Volume Lift: A volume spike on the Doji day, followed by bullish follow-through, lifts the pattern into a bullish surge.
Pre-Trade Checklist
Lift the Proof: Pair the pattern with volume spikes and indicators like RSI to dodge fakes and boost your odds.
Key Points
- Shadow Clarity: A long lower shadow with a near-zero body boosts reliability - short shadows dilute it.
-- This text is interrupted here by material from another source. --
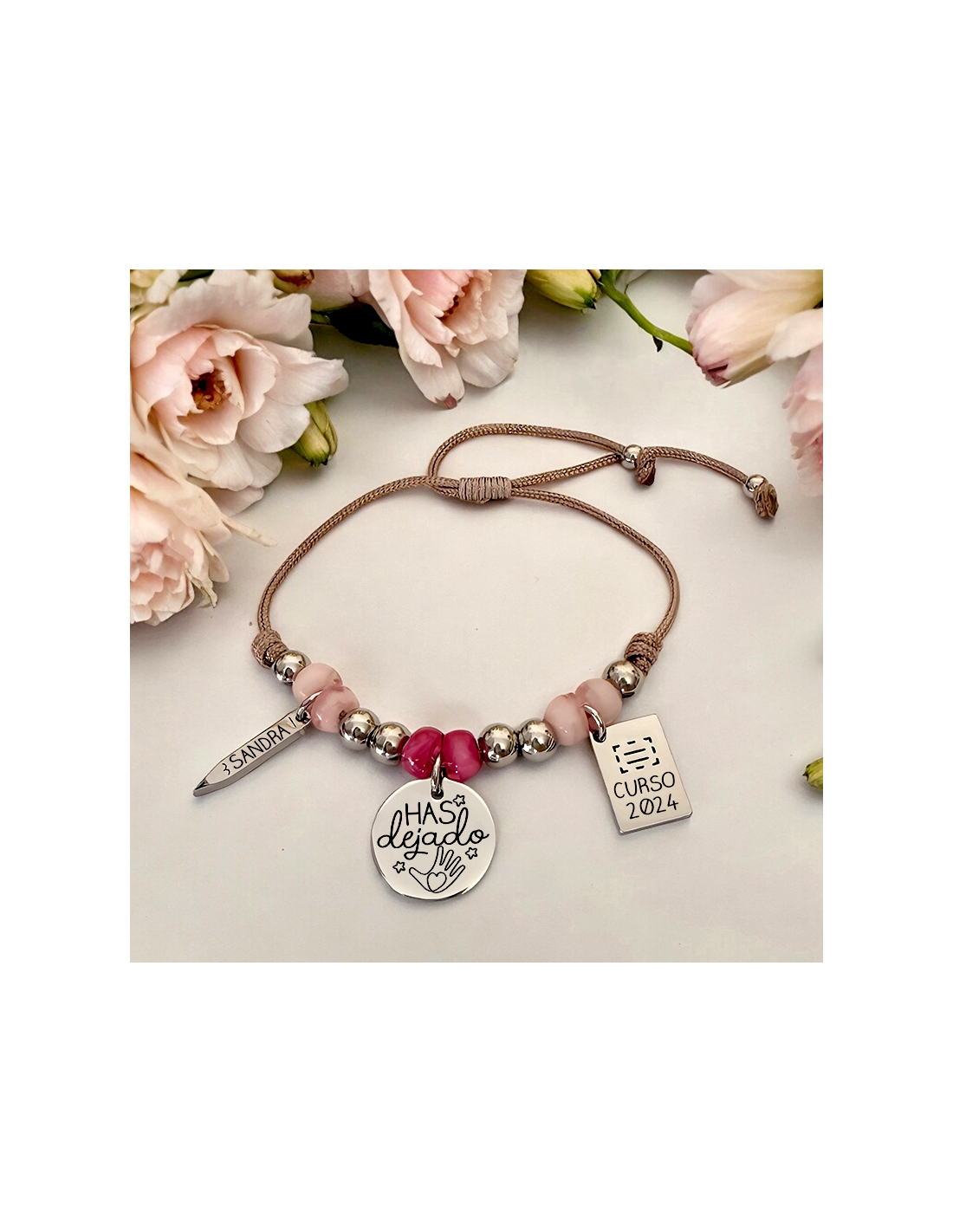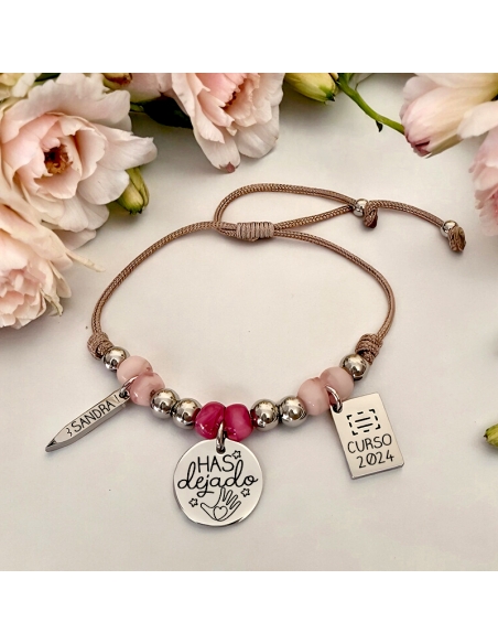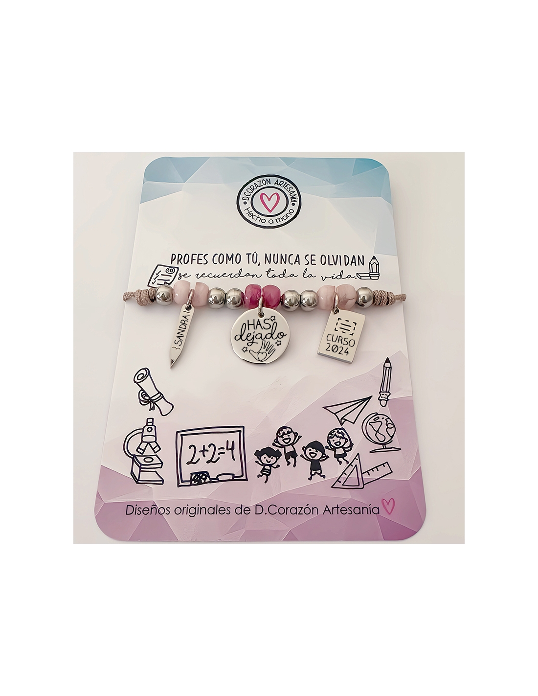 Puedes personalizar la pulsera con el nombre del profesor en el lápiz y el curso en la libreta.

- Time Frame: Lifts strongest on daily or weekly charts after downtrends.
- Combine with Indicators: Use moving averages or RSI to confirm the reversal.
- Breakout Confirmation: A close above the Doji’s high sets the turn - don’t jump on the Doji alone.
- Price Target: Measure the lower shadow height or use resistance levels for a target above the close.
- Risk Management: Set a stop-loss below the Doji’s low to limit losses if it fails.
Wait for the Lift: Acting before confirmation risks a Doji trap - let the reversal take flight.
Conclusion
The Dragonfly Doji pattern is a trader’s hopeful tool for catching bullish reversals. Its dragonfly hover, paired with volume, RSI, and moving averages, can lift into big gains. Whether in crypto, stocks, or forex, this pattern sharpens your edge. Stay alert, manage your risk, and let the Doji land - that rejected plunge could rise into a winning trade.